— What you have to do —
Your task is to transcribe the data exactly while omitting each picture.

— Records provided —
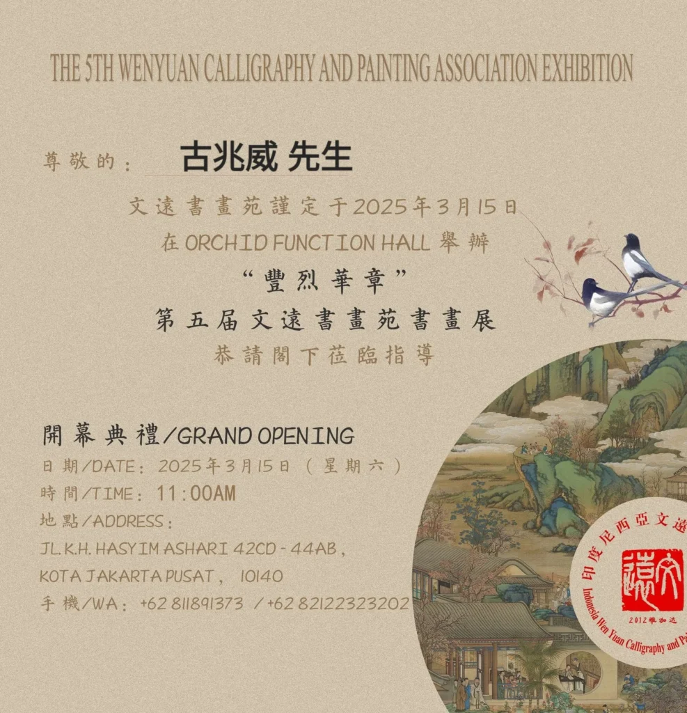 Pameran yang diselenggarakan oleh Indonesia Wen Yuan Calligraphy and Painting Association (印尼文遠書畫苑) ini menampilkan berbagai karya kaligrafi dan lukisan yang indah. Acara pembukaan pameran (Grand Opening) dilaksanakan pada:
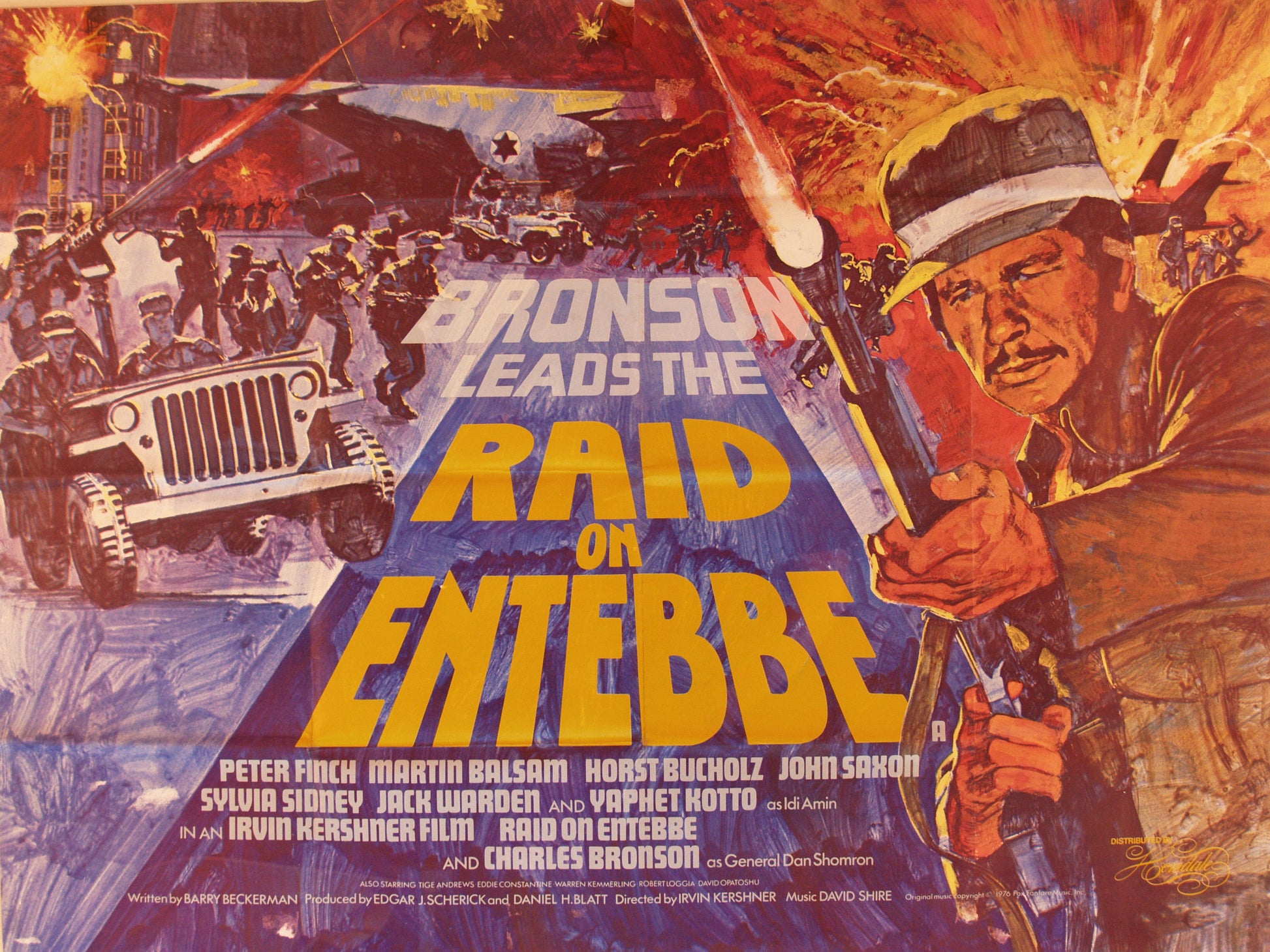 Peter Finch' last film in the role of Israeli prime minister Yitzhak Rabin. Yaphet Kotto plays President Idi Amin. A great painting of Charles Bronson by Mike Vaughan together with jeeps and soldiers.
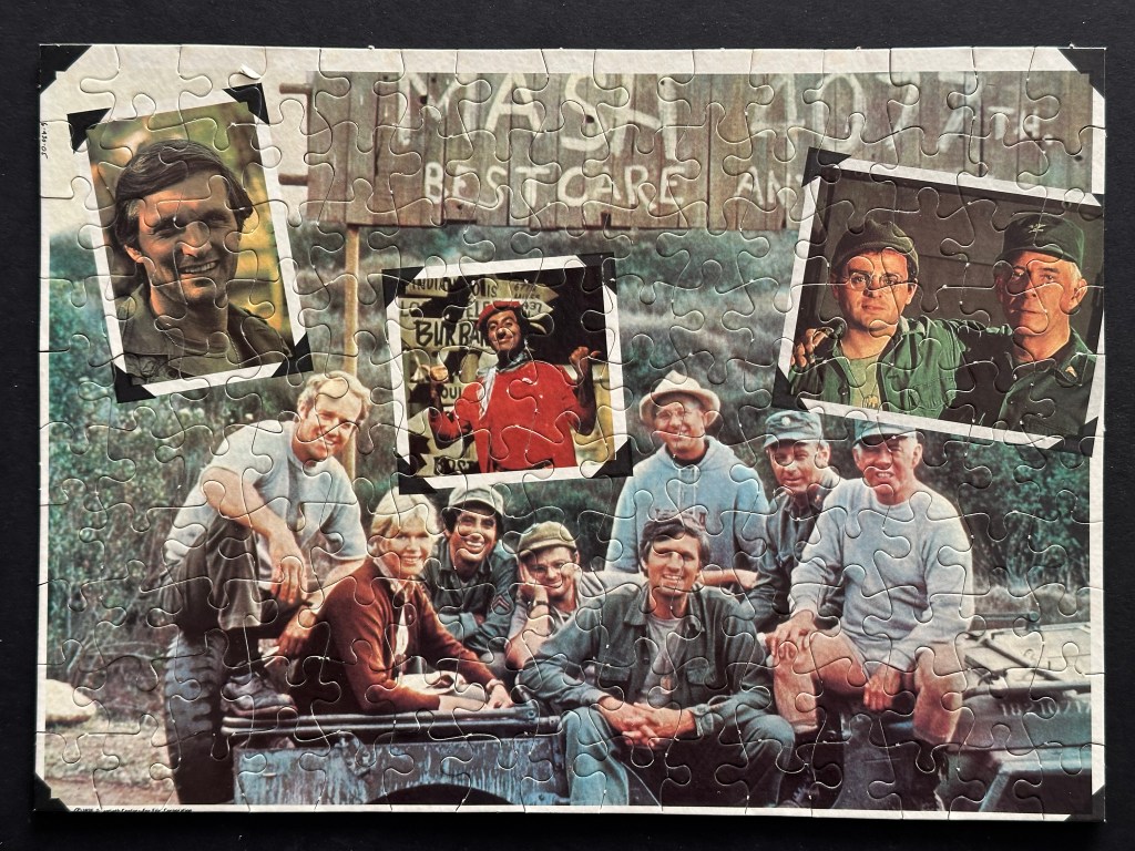 The company H-G Toys specialized in creating licensed products for a variety of television shows and properties including Happy Days, Star Trek, Planet of the Apes, Evel Knievel, Spider-Man, and more. In 1976, they released three puzzles that featured the cast of M*A*S*H. Since the puzzles were released in the timeframe of, what I would call, the mid-cast of M*A*S*H, the puzzles feature Hawkeye, B.J., Margaret, Col. Potter, Radar, Frank, Klinger, and Father Mulcahy. Each puzzle is 150 pieces and measures 14 inches by 10 inches when assembled. The puzzles feature one primary image with three or four inset images featuring other members of the cast. The photos used appear to be press photos for the most part, but there are two identifiable scenes in one of the puzzles. The image of Hawkeye and Klinger (wearing a pink dress) is from the episode “Hawk’s Nightmare” (05×13), and the basketball scene on the same puzzle is likely from “Margaret’s Marriage” (05×24). The two puzzles in the collection aren’t the only M*A*S*H puzzles made by H-G Toys in 1976. According to MASH4077TV.com the three H-G Toys puzzles include:
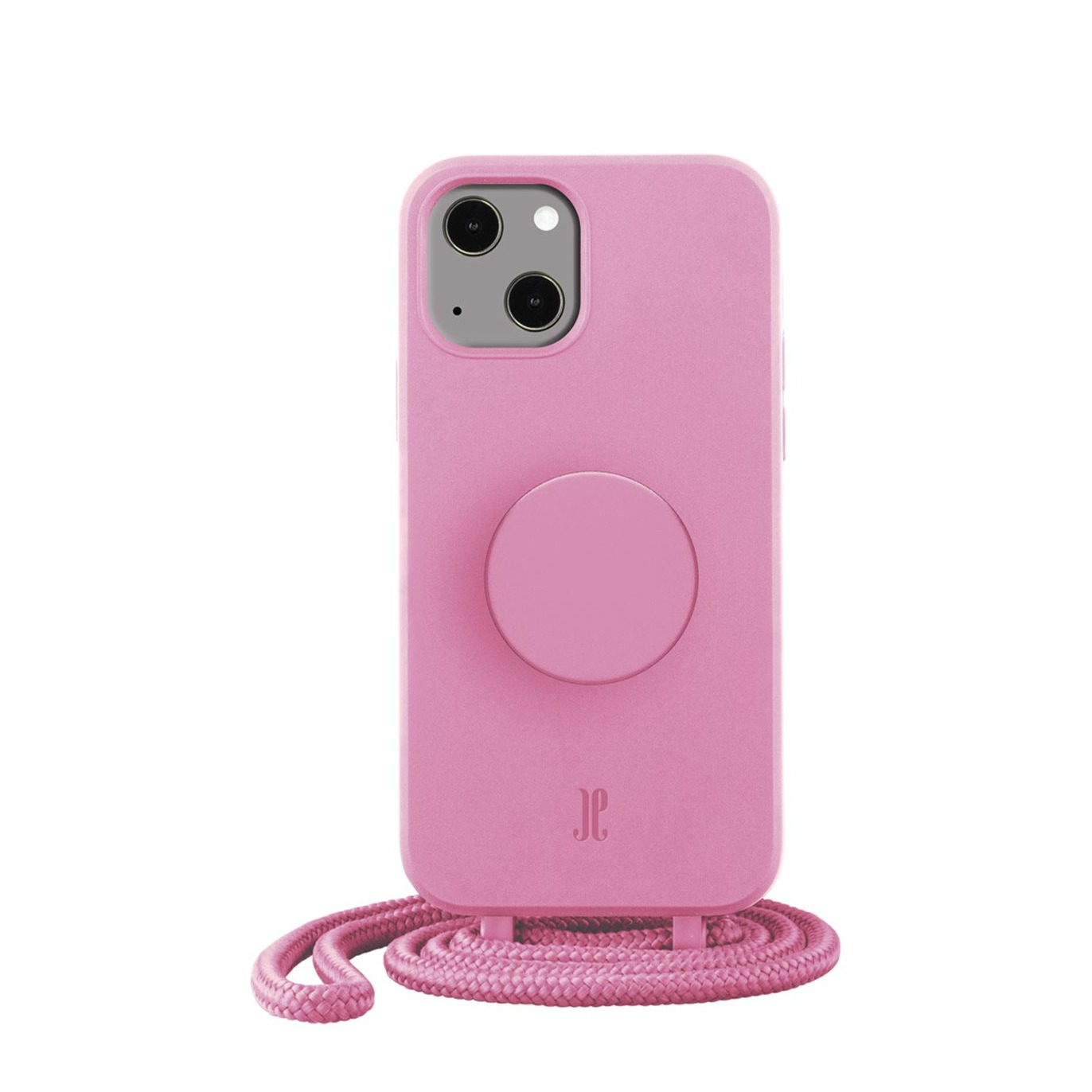 (par Just Elegance) iPhone 14 PopGrip 3in1 Etui en caoutchouc Necklace + chaîne pour téléphone portable (150cm) + PopSockets (30142) - Pastel Pink
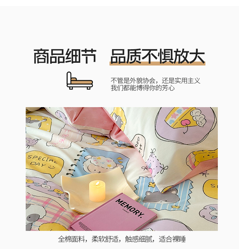 商品名称:典曼家纺 2025新款13372印花小清新四件套 动物城
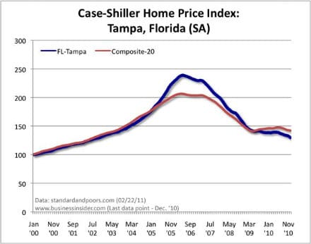 The S&P/Case-Shiller 20-city monthly Home Price Index released today, revealed 11 of the cities, including Tampa and Miami, at new lows in December 2010, since their 2006/2007 peaks.
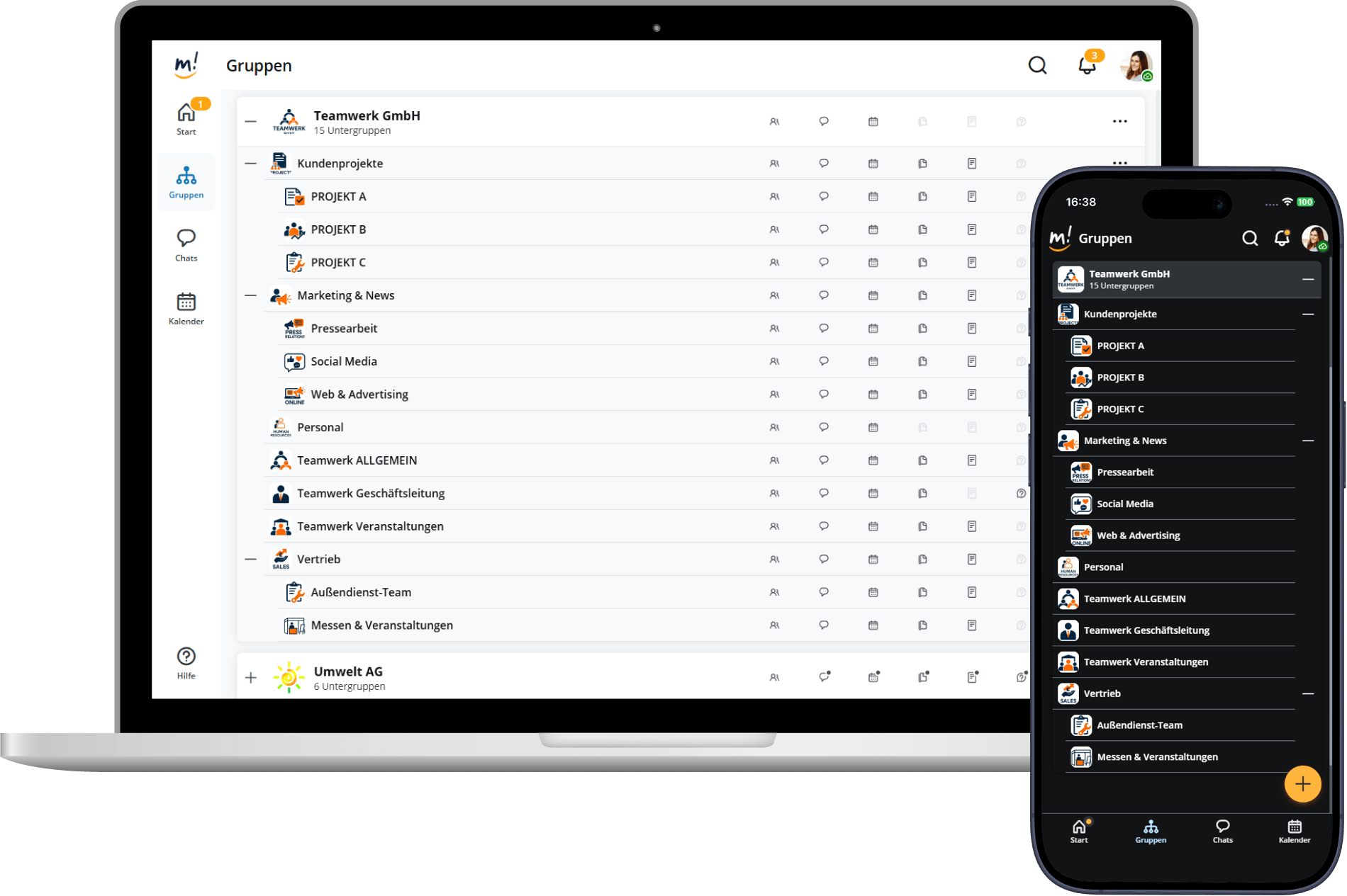 Alle Gruppen und Inhalte sind überall und synchron auf allen Geräten verfügbar, wo Sie mantau installiert haben. Ideal für die schnelle Nachricht unterwegs - wie auch für längeres Texten am PC. Ideal für hybride Arbeitsumgebungen.
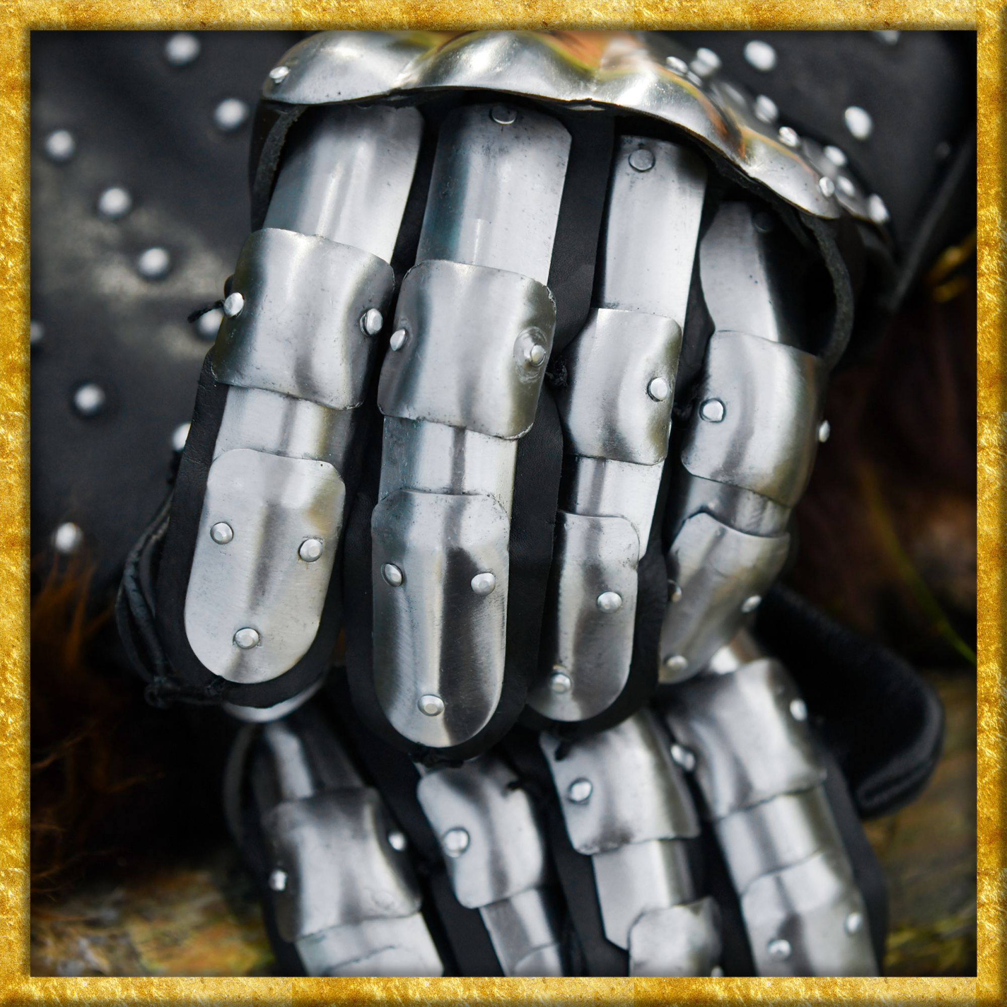 Diese Panzerhandschuhe sind aus 2mm starkem Leder und 1,2mm Stahl gefertigt. Das Obermaterial ist aussenseitig mit angenieteten Metallplatten ausgestattet, die den Handrücken und alle fünf Finger vollständig bedecken. Innenseitig ist ein Handschuh aus geschmeidigem Leder eingenietet. Die lange, angenietete Manschette ist innen mit länglichen Stahlplättchen verstärkt und besitzt einen verstellbaren Lederriemen mit Messingschnalle für eine bequeme, individuelle Passform am Handgelenk.
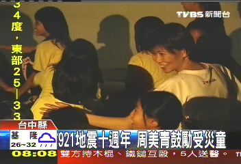 中新网9月8日电 据台湾TVBS报道,台湾921地震十周年,马英九夫人周美青,昨天下午以“周老师”的身份,陪当年的灾童看纪录片。
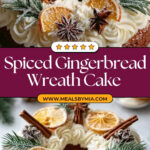 This Spiced Gingerbread Wreath Cake is a cozy holiday dessert featuring warm spices like ginger, cinnamon, cloves, and nutmeg. Baked to perfection in a Bundt pan, it’s topped with fluffy whipped cream frosting and beautifully adorned with festive cinnamon sticks, star anise, candied ginger slices, and fresh rosemary sprigs. This charming cake brings seasonal cheer and comforting flavors to any holiday gathering.
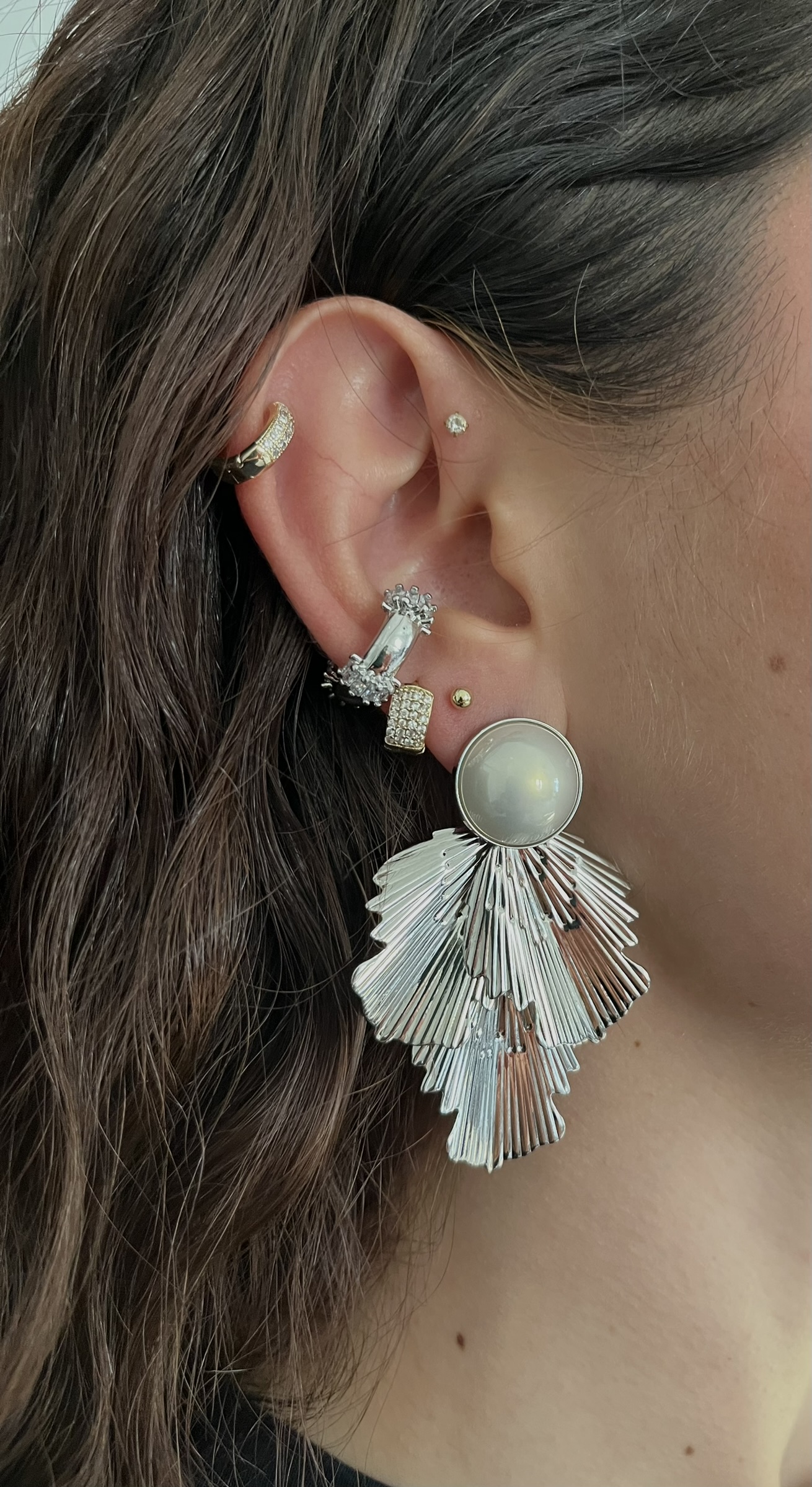 Gümüş Rengi İnci Detaylı Küpe

— Written solution —
 Pameran yang diselenggarakan oleh Indonesia Wen Yuan Calligraphy and Painting Association (印尼文遠書畫苑) ini menampilkan berbagai karya kaligrafi dan lukisan yang indah. Acara pembukaan pameran (Grand Opening) dilaksanakan pada:
 Peter Finch' last film in the role of Israeli prime minister Yitzhak Rabin. Yaphet Kotto plays President Idi Amin. A great painting of Charles Bronson by Mike Vaughan together with jeeps and soldiers.
 The company H-G Toys specialized in creating licensed products for a variety of television shows and properties including Happy Days, Star Trek, Planet of the Apes, Evel Knievel, Spider-Man, and more. In 1976, they released three puzzles that featured the cast of M*A*S*H. Since the puzzles were released in the timeframe of, what I would call, the mid-cast of M*A*S*H, the puzzles feature Hawkeye, B.J., Margaret, Col. Potter, Radar, Frank, Klinger, and Father Mulcahy. Each puzzle is 150 pieces and measures 14 inches by 10 inches when assembled. The puzzles feature one primary image with three or four inset images featuring other members of the cast. The photos used appear to be press photos for the most part, but there are two identifiable scenes in one of the puzzles. The image of Hawkeye and Klinger (wearing a pink dress) is from the episode “Hawk’s Nightmare” (05×13), and the basketball scene on the same puzzle is likely from “Margaret’s Marriage” (05×24). The two puzzles in the collection aren’t the only M*A*S*H puzzles made by H-G Toys in 1976. According to MASH4077TV.com the three H-G Toys puzzles include:
 (par Just Elegance) iPhone 14 PopGrip 3in1 Etui en caoutchouc Necklace + chaîne pour téléphone portable (150cm) + PopSockets (30142) - Pastel Pink
 商品名称:典曼家纺 2025新款13372印花小清新四件套 动物城
 The S&P/Case-Shiller 20-city monthly Home Price Index released today, revealed 11 of the cities, including Tampa and Miami, at new lows in December 2010, since their 2006/2007 peaks.
 Alle Gruppen und Inhalte sind überall und synchron auf allen Geräten verfügbar, wo Sie mantau installiert haben. Ideal für die schnelle Nachricht unterwegs - wie auch für längeres Texten am PC. Ideal für hybride Arbeitsumgebungen.
 Diese Panzerhandschuhe sind aus 2mm starkem Leder und 1,2mm Stahl gefertigt. Das Obermaterial ist aussenseitig mit angenieteten Metallplatten ausgestattet, die den Handrücken und alle fünf Finger vollständig bedecken. Innenseitig ist ein Handschuh aus geschmeidigem Leder eingenietet. Die lange, angenietete Manschette ist innen mit länglichen Stahlplättchen verstärkt und besitzt einen verstellbaren Lederriemen mit Messingschnalle für eine bequeme, individuelle Passform am Handgelenk.
 中新网9月8日电 据台湾TVBS报道,台湾921地震十周年,马英九夫人周美青,昨天下午以“周老师”的身份,陪当年的灾童看纪录片。
 This Spiced Gingerbread Wreath Cake is a cozy holiday dessert featuring warm spices like ginger, cinnamon, cloves, and nutmeg. Baked to perfection in a Bundt pan, it’s topped with fluffy whipped cream frosting and beautifully adorned with festive cinnamon sticks, star anise, candied ginger slices, and fresh rosemary sprigs. This charming cake brings seasonal cheer and comforting flavors to any holiday gathering.
 Gümüş Rengi İnci Detaylı Küpe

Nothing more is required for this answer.